A: I take the subway, especially the G, F, the B/Q, and the L. Driving is too much of a hassle (especially finding parking), and the bus is usually too slow. I've found I can usually get wherever I need to in between a half hour and an hour, so it's not too bad. A lot of the time, I take the G from Greenpoint to the Fulton Street stop, and then just walk the two blocks over to the Atlantic Ave station, where I can catch the train to almost anywhere in the southern half of the borough.
Q: Aren't you worried about your safety? Some neighborhoods are definitely rougher than others.
A: Not really. I'm not a complete idiot -- I try to use common sense when I'm running regardless of where I am. And to be honest, I'm a lot more worried about getting run over than I am about anything else. There are a lot of crazy drivers out there. But I don't run late at night or wear any jewelry or anything, and I try to keep aware of my surroundings. (If you're curious, you can always check out the crime statistics page from the NYPD).
Q: Why have so many of your runs so far been in the far southern neighborhoods? Do you have something against Bushwick or DUMBO?
A: Of course not. It's just that, over the summer, I decided to draw an arbitrary line across the southern third of the borough -- from 65th Street in Bay Ridge across to Avenue P on the Sheepshead Bay/Midwood line and continuing along Flatlands Avenue through Marine Park and Flatlands and Canarsie -- and focus most of my energy south of it. Why? Because these are the farthest places from home (with commensurately longer subway rides to reach them), and I wanted to run these areas early on, when the weather was better and I was still experiencing the enthusiasm and excitement that accompanied the first few months of this whole thing. According to this logic, when it's cold and dark and I'm feeling the negative effects of all this running, I'll be able to run the neighborhoods much closer to home, preventing burnout and discouragement and everything else. It's kind of like being a kid, when you'd eat your brussels sprouts first to get them out of the way so you could enjoy the rest of your dinner.
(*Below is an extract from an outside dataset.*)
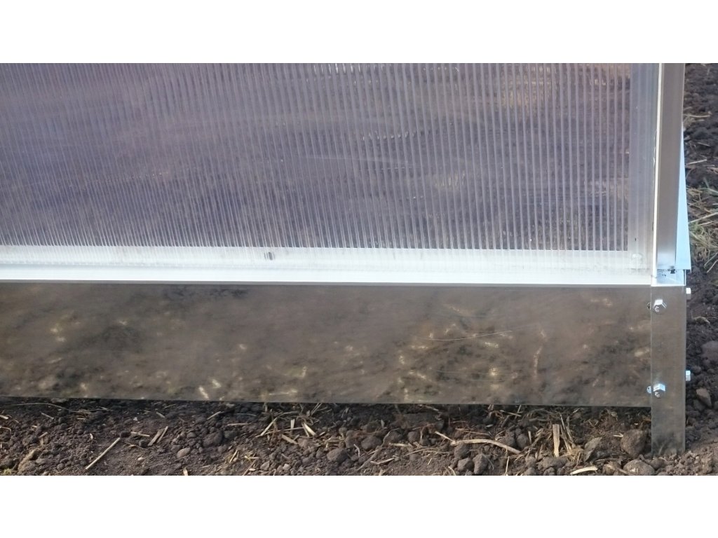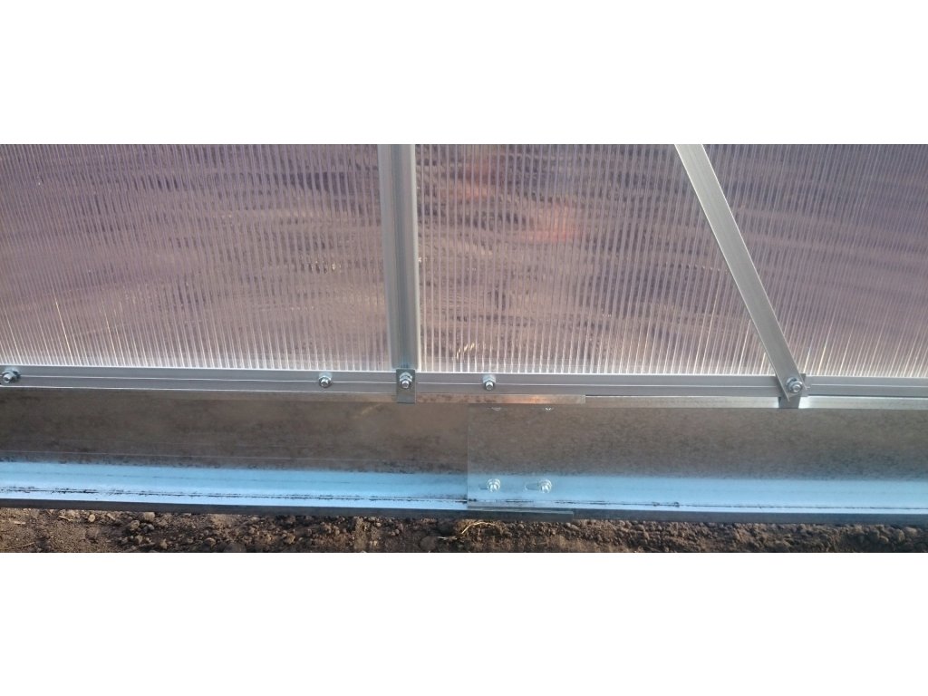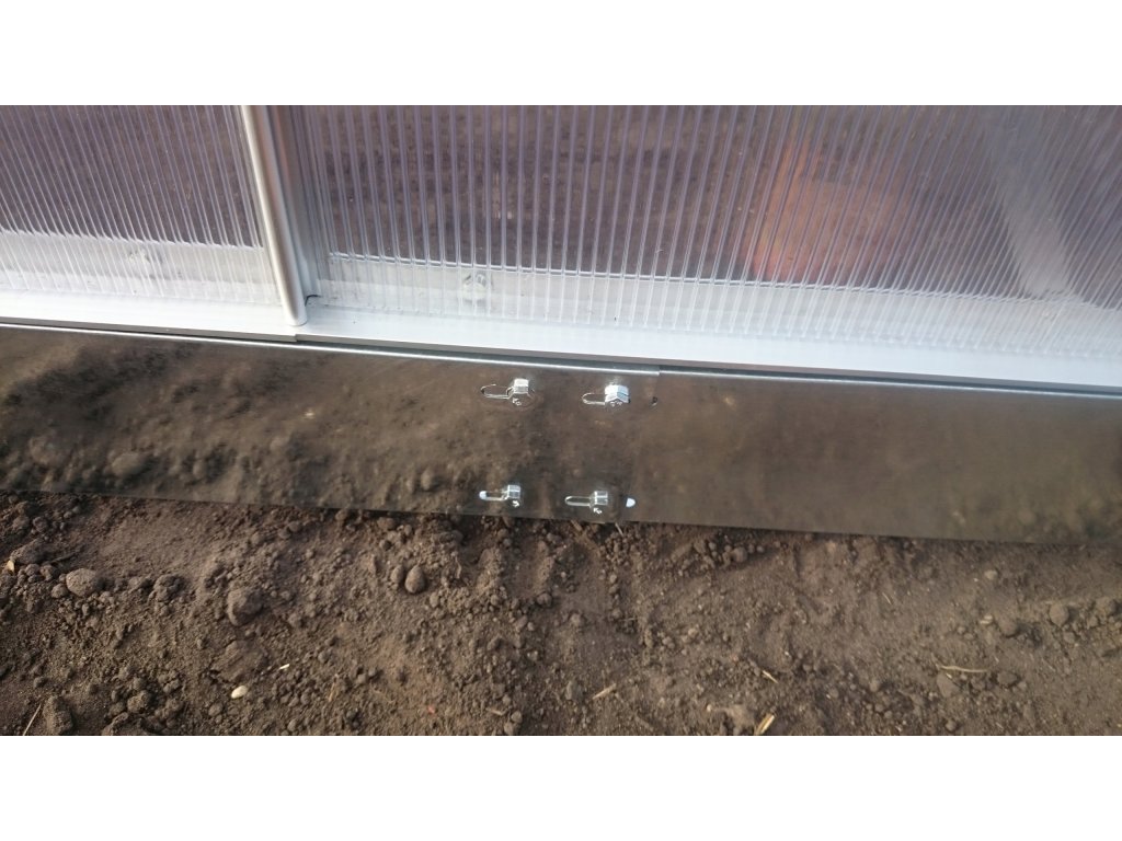 W komplecie fundament ze stali ocynkowanej o wysokości około 11cm, który należy osadzić w ziemi a następnie zamocować szklarnię za pomocą specjalnych klipsów zaciskowych załączonych w zestawie.

Q: Fascinating. Is this plan working?
A: So far, so good. But ask me again in, say, January or February. And I still don't like brussels sprouts, or any of the cruciferous vegetables, for that matter. In fact, as a kid I usually didn't eat them at all -- I'd hide them in the potted plants or feed them to our dogs.
Q: You had dogs that ate brussels sprouts?
A: Well, now that I'm thinking about it, they probably didn't. But they were less picky about my mom's cooking than my siblings and I ever were.
Q: Have you done much running before?
A: I've been running seriously for about seven years now. I've done seven marathons (Duluth and Chicago each once and Quad Cities five times) as well as numerous shorter races. And in 2005 I ran all 230 miles of streets in Iowa City, Iowa, where I lived before moving here. Since 1999 I've averaged about 1500 miles per year.
Q: What, are you some kind of superhuman ultra-athlete?
A: I wish. To tell the truth, I'm not particularly athletic at all but rather a pretty average 40 year old guy, with occasional lower back pain and a doughy midsection. But success in a project like this probably depends more on discipline and sheer determination (or, indeed, obstinacy and stubbornness) than on coordination or natural ability, which makes it a good choice for me. It's not that I'm terribly slow or anything -- I'm just not super fast, either. Most of my daily runs are at a pace between about 7.5 and 8 minutes per mile.
Q: Huh. So what are your personal records for races at various distances?
A: A respectable (or so I'd like to think) 3:30 for the marathon, 34:42 for the 8K, and 19:54 for the 5K. I'm less proud of my 1:43 half-marathon, but I only ran one and I didn't really train for it. And believe it or not, I don't think I've ever run a 10K.
Q: What will you do if and when you finish?
A: I'll probably rest for a couple of days. I'd like to run the New York Marathon in 2007. And while I don't think I'll attempt to run any other boroughs of New York, I wouldn't mind devoting a few hours a week to walking all of Manhattan.